Skip to content

Exception

Exception is a CPU feature that allows the kernel to handle various events, such as invalid memory access (aka. page faults), illegal instructions, and system calls.

Exception is like a hardware-assisted try-catch mechanism in C++ or Java. Until CPU encounters the situation where kernel intervention is required, it continues to execute the program. The key difference from try-catch is that the kernel can resume the execution from the point where the exception occurred, as if nothing happened. Doesn't it sound like cool CPU feature?
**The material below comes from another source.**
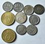 Frederik IX (1947-1972). Gule 1-Kroner (12 stk) og 2-Kroner (9 stk). Hækkerup-sæt. Div. udlandske- og spillemønter 820g. Ca 20 pengesedler især tyske 1910-20.
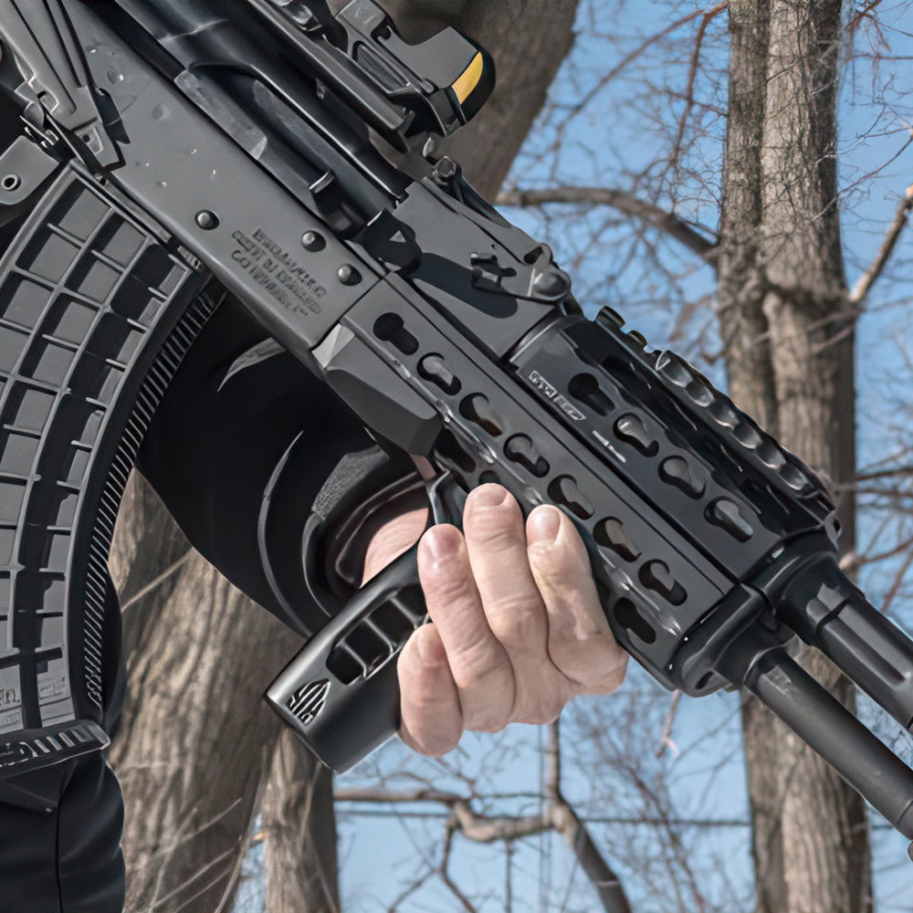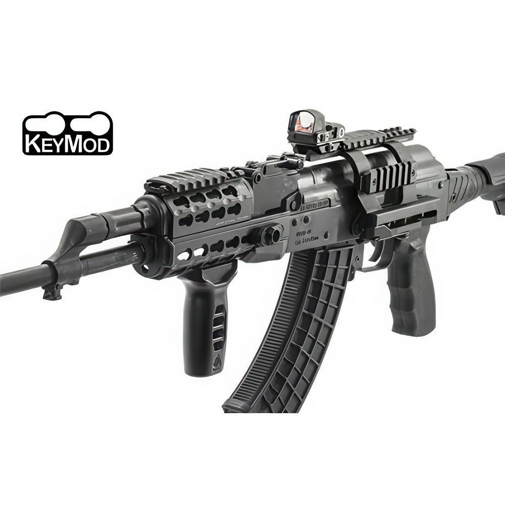 Designed specifically for Keymod systems, this foregrip combines lightweight aircraft aluminum construction with a sleek and compact profile, ensuring reliability and durability.

Exception can also be triggered in kernel mode and mostly they are fatal kernel bugs. If QEMU resets unexpectedly or the kernel does not work as expected, it's likely that an exception occurred. I recommend to implement an exception handler early to crash gracefully with a kernel panic. It's similar to adding an unhandled rejection handler as the first step in JavaScript development.

Life of an exception

In RISC-V, an exception will be handled as follows:

  1. CPU checks the medeleg register to determine which operation mode should handle the exception. In our case, OpenSBI has already configured to handle U-Mode/S-mode exceptions in S-Mode's handler.
  2. CPU saves its state (registers) into various CSRs (see below).
  3. The value of the stvec register is set to the program counter, jumping to the kernel's exception handler.
  4. The exception handler saves general-purpose registers (i.e. the program state), and handles the exception.
  5. Once it's done, the exception handler restores the saved execution state and calls the sret instruction to resume execution from the point where the exception occurred.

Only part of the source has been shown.